Let me give you an idea of how I normally approach this. I simply copy-paste pages of my profile after sorting by top, usually at least two or three pages (45k tokens). I might also share a few "normal" pages in chronological order, for the sake of diversity if nothing else.
I did just this, using Gemini 3.1 Pro on AI Studio (GPT 5.2 Thinking, which I pay for, can't write in arbitrary styles nearly as well no matter how hard you try, and I've tried a lot, I don't pay for Claude so I'm stuck with Sonnet):
I copied and pasted the first two profile pages, sorting by top of all time. Instructions were:
Your task is to write a 1000 word essay in the exact style and voice of self_made_human, on a topic of your choice (heavily informed by what you think he'd choose).
https://rentry.co/23dc63vs by Gemini https://rentry.co/p5yh68zu by Claude 4.6 Sonnet (same setup)
Results? I'd grade Gemini a 7/10, Claude a 5/10.
Looking at Gemini:
- It captures the way I'd write in an "academic register", namely when I'm trying very hard to be polished, and that includes heavy LLM use. It's not "raw self_made_human", because I increasingly do not post raw, minimally edited posts.
- It uses em-dashes. I do not, as a general rule, mostly because people are on a hair-string trigger. Shame, I think they're neat.
- The exact circumstances are obviously fictional. Can't expect otherwise, can we?
- Otherwise very good! I would write a story like that. I've seen patients just like that. It captures my transhumanist outlook and my love/hate relationship with medicine.
- I can see it overindexing on random biographical tidbits. My grandpa? Relevant.
Looking closer:
which is a damn sight better than sitting in a soiled diaper in a Bromley care home, screaming at a nurse because you think you're back in the Blitz.
I don't live or work near Bromley. That's where an uncle of mine resides. It's clear from the context I shared that I'm up in Scotland.
I will happily roll the dice on a 30% chance of AGI-induced extinction if it buys me a 70% chance of reaching escape velocity. Give me the ASI. Let it fold our proteins and solve cellular senescence. If it kills us, at least it will likely be fast, clean, and computationally elegant—which is a damn sight better than sitting in a soiled diaper in a Bromley care home, screaming at a nurse because you think you're back in the Blitz.

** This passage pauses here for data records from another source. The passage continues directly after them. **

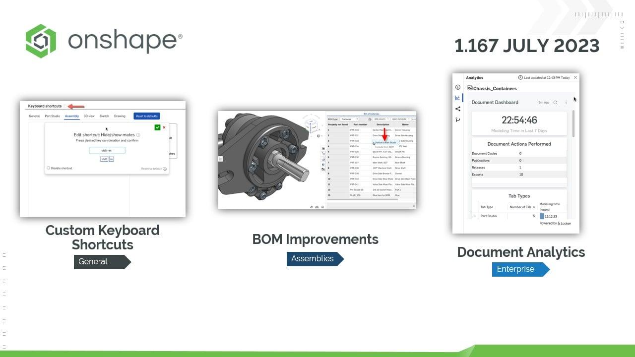 Please take a moment to try out these new features and improvements and leave your comments in the Onshape Forum post. For a detailed list of all the changes in this update, please see the changelog.
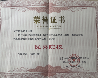2022年度,公司新能源汽车技术专业在1+X证书制度考评工作中表现良好,做到课证融通,考核成绩优良、通过率高,圆满完成了各项考核工作任务,被北京中车行高新技术有限公司职业教育培训评价组织评为“先进院校”。
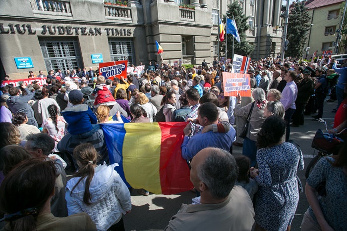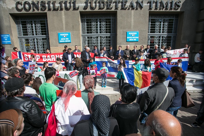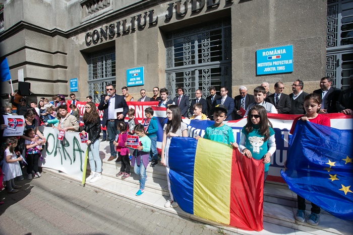 TIMISOARA. S-a iesit in strada, din nou, pentru sustinerea familiei Bodnariu, din Norvegia, ai carei copiii au fost luati in grija statului. La Timisoara, cateva sute de persoane au iesit in fata Prefecturii cu pancarde si si-au spus nemultumirile.
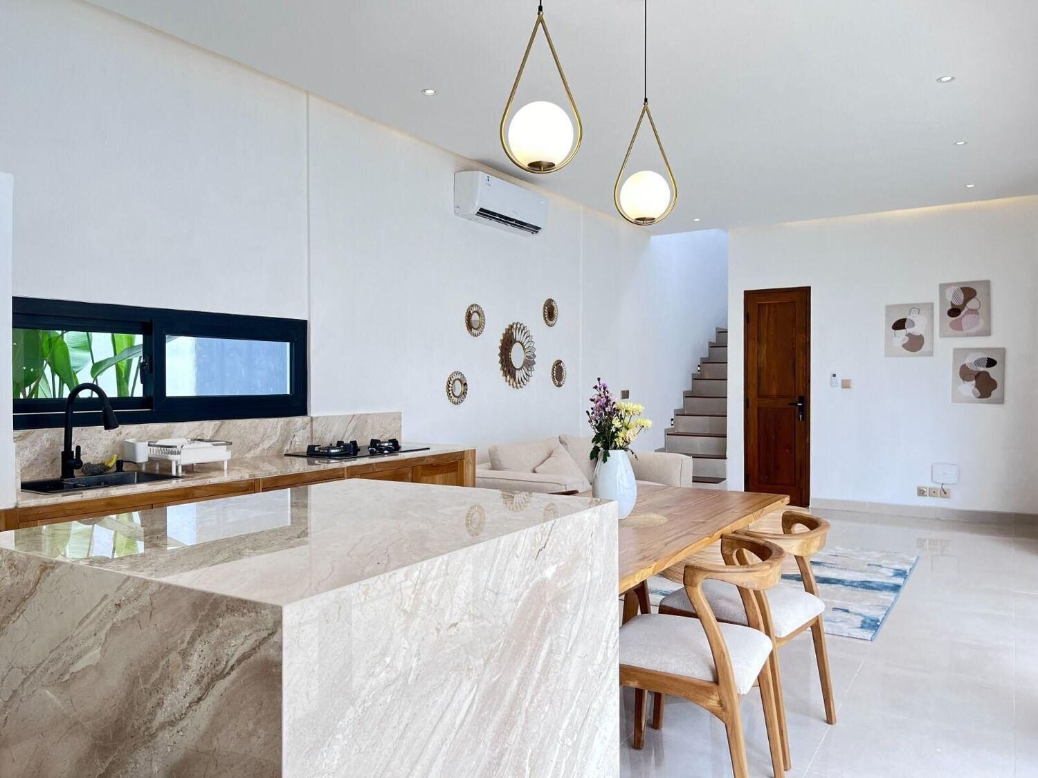 Dibangun di atas lahan seluas 145 meter persegi, vila ini memiliki ruang tamu tertutup, dapur terbuka lengkap, dan kamar tidur yang luas dengan kamar mandi pribadi. Si Kamar mandi utama memiliki bathtub teraso besar, menciptakan tempat perlindungan seperti spa. Sebuah teras atap menyediakan ruang relaksasi tambahan, ideal untuk menikmati matahari terbenam di Bali.
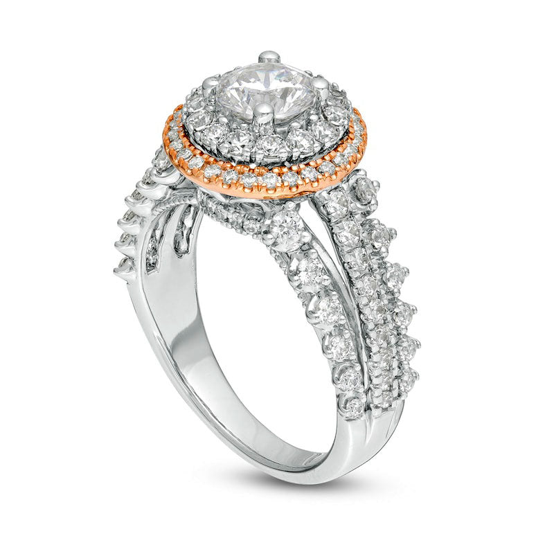 Captivate her heart with this absolutely stunning diamond engagement ring. Crafted in exquisite 14K two-tone gold, this opulent design features a breathtaking 1 ct. diamond held by two diamond-crowned frames - one in white gold and the other in rose gold. The triple-row shank boasts a center row of diamonds flanked by scalloped borders of diamonds set in intricately sculpted mounts, adding to its brilliance. Delicate milgrain-lined ribbons and diamonds adorn the gallery and sides, amplifying the charm of this magnificent beauty. Elegant with 2 cts. t.w. of diamonds and a magnificent buffed luster, this masterpiece of an engagement ring is truly exceptional.

I could see myself saying this. Maybe not those exact figures, perhaps 10%:90%, but directionally correct.
We have, as a civilization, achieved a horrific kind of half-victory. Modern medicine—my profession, which I love and despise in equal measure—has become incredibly adept at preventing you from dying. We can stent your coronaries, dialyze your kidneys, and pump you full of broad-spectrum antibiotics. We have defeated the acute killers that historically pruned the human herd. But we have utterly failed to extend healthspan in tandem with lifespan. We have built a remarkably efficient pipeline that funnels the elderly past the quick, clean deaths of yesteryear and deposits them directly into a decades-long purgatory of cognitive and physical decay.
And the NHS, Moloch bless its sclerotic, crumbling heart, is entirely unprepared for the demographic tsunami that is already making landfall. We are warehousing hollowed-out shells of human beings in care homes at exorbitant expense, draining the wealth of the middle class to fund the agonizingly slow dissolution of their parents.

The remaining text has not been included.